Scientific Name: Leucanthemum Vulgare

Flower:Typical daisy appearance; single flower heads at the end of branches have white rays and yellow disc flowers. Flower head diameter is approximately 5 cm. White petals are notched

Stems:Single to a few erect stems. Sometimes branched.

Height: 0.2-0.8 meters.

Fruits: Ribbed black achenes(simple, dry, one-sided fruit)

History

I couldn't find exactly where or how the Oxeye Daisy got in the Okanagan, but non-native species arrived in British Columbia in different ways, for example as seeds imported by hay, as feed imported for livestock, or as part of a program of re-seeding grasslands. Most are European imports, brought in as early as the 1850's. They have disturbed areas, alongside roads, in areas of thin, gravely soils, and in areas that were historically heavily grazed.

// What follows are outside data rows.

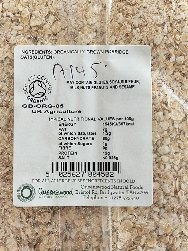 1kg Organic Raw Porridge Oats.
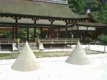 細殿前には、松葉を差した2つの円錐形の「立て砂」が並ぶ。
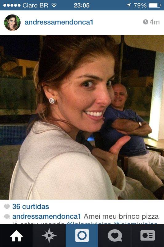 Andressa Mendonça, mulher de Carlos Augusto Ramos, o Carlinhos Cachoeira, postou na última quinta-feira (12/6) uma foto mostrando seu novo brinco. Ao fundo, está o réu Maurício Sampaio, denunciado como mandante do assassinato do cronista esportivo Valério Luiz de Oliveira, sorrindo distraído.

The spread is often associated with the increase recreation in grasslands over the past twenty years, and particularly the concentrated use of motorized vehicles over many years.

Impacts

Economic: Infestations can also decrease forage for wildlife, decrease local plant biodiversity, and may decrease vegetative ground cover due to its growth form, thereby increasing the area of exposed soil on the environment.

Scientific Name

The common name is an Oxeye Daisy and the scientific name is Leucanthemum Vulgare
Invasive Species - Oxeye Daisy (Leucanthemum vulgare)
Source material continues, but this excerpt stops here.